Manure Manager

Features Applications Beef Environment Field Crops Livestock Production Manure Management Sustainability United States
Crops and livestock on the same farms, the same fields – why?

Integrated agricultural systems often have both crops and livestock on the same farm. And, yes, integrated crop-livestock systems can have many benefits.


September 10, 2018  by American Society of Agronomy and Crop Science Society of America

Mature cows are grazing pearl millet cover crop in the foreground. Grain sorghum for cash cropping is shown in the background. Alan Franzluebbers

Years ago, it was tradition for farmers to grow a variety of crops on their farm. There was limited food distribution to large grocery stores, and most of the food was grown locally. So, a farmer could be cropping cotton and sweet potatoes in one area of their farm. On another area, graze beef cattle, dairy, or chickens on forage crops like annual clovers, perennial tall fescue, wheat pasture, and native rangeland.

Pastures and hayland were rotated with crops so that the same enterprise was not on the same field year after year. Diversity of enterprises on each farm helped create stability in the production system.

With the advent of large farming equipment and commercial fertilizers following World War II, it became more efficient from a labor standpoint to grow the same types of crop year after year.

After investing in equipment to handle a particular crop like corn, farmers often became more specialized. This led to monoculture cropping, which can have positive effects on yields and efficiency. But, monoculture has some drawbacks, including environmental and social concerns.

Advertisement

The need for greater nutrient inputs with monoculture can lead to poor water quality underground or from run-off. Confined operations have the issue of disposing of large volumes of manure.

Interest in re-integrating farms to take advantage of the synergies between crops and livestock has increased in the past few decades. Our lab has embarked on researching such integrated systems as a way to improve agricultural sustainability.

Crop-pasture rotations are part of an integrated system. Farmers can match the energy and nutrient flows of different enterprises (i.e. types of livestock and types of crops) to meet the desired outcomes.

Ruminant livestock consume forages, often on pasture by themselves during much of the year. Animal manures are deposited directly on the land where they graze. Alternatively, they can be confined in areas during parts of the year with conserved forages, e.g. hay or silage.

Manures can also be collected from confinement areas and applied to cropland. This recycles and effectively utilizes nutrients throughout the entire system and can substantially reduce chemical fertilizer needs for cropping.

Forage grasses used for grazing often have extensive, fibrous root systems.

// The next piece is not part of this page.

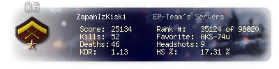 | Kill-streak | 7 | Death-streak | 8 | Team Kills | 0 |

These roots hold soil particles together. All plants take carbon dioxide from the air and convert it into simple sugars during photosynthesis.

Compared with annual crops, forage grasses form a thick mat over the soil, and can enrich the amount of carbon in soil more than annual crops. Forage legumes are capable of converting nitrogen from the atmosphere and add nitrogen to the soil as well.

The large gain in soil organic carbon under perennial pastures is a key benefit of integrated crop-livestock systems.

Pasturing is also an important adaptation strategy to overcome drought. Pastures can partially control flooding by improving water infiltration and soil health. Forage and grazing lands have historically provided a sustainable and resilient land cover. Grazing lands are rooted by a variety of grasses and forbs that serve to provide essential ecosystem services:

  • Water cycling
  • Nutrient cycling
  • Gas exchange with the atmosphere
  • Erosion control and landscape stabilizing
  • Climate moderation
  • Food and feed production, and,
  • Aesthetic experience

Integrated agricultural systems have the potential to adapt to weather extremes. This can make them more climate-resilient than monoculture systems. For example, integrated crop-livestock systems rely on forages as part of a diversity of crop choices. These forages provide a large benefit for positive balance of carbon stored in soil. Crops grown in rotation with forages can be more profitable, since yields are often enhanced and costly fertilizer inputs can be lower. The presence of forages can reduce nutrient runoff and reduce nitrous oxide emissions.1

The diversity of farming operations in integrated crop-livestock systems reduces the overall risk of failure. By having several different crops on a farm, the risk of any one component failing is reduced.

This diversity also offers resilience of the farming system against extreme weather events and potential climate change. Greater integration of crops and livestock using modern technologies could broadly transform agriculture to enhance productivity.

Integrated crop-livestock systems can also reduce environmental damage, protect and enhance biological diversity, and reduce dependence on fossil fuels.

Integrated systems likely provide healthier potentially more diverse foods and increase economic and cultural opportunities in many different regions of the world.

Diverse agricultural systems that include livestock, perennial grasses and legumes, and a wide variety of annual forages offer enhanced agro-ecosystem resilience in the face of uncertain climate and market conditions.

Indeed, there are many good reasons why a diversity of crops and livestock should be produced on the same farm and even the same field within a farm.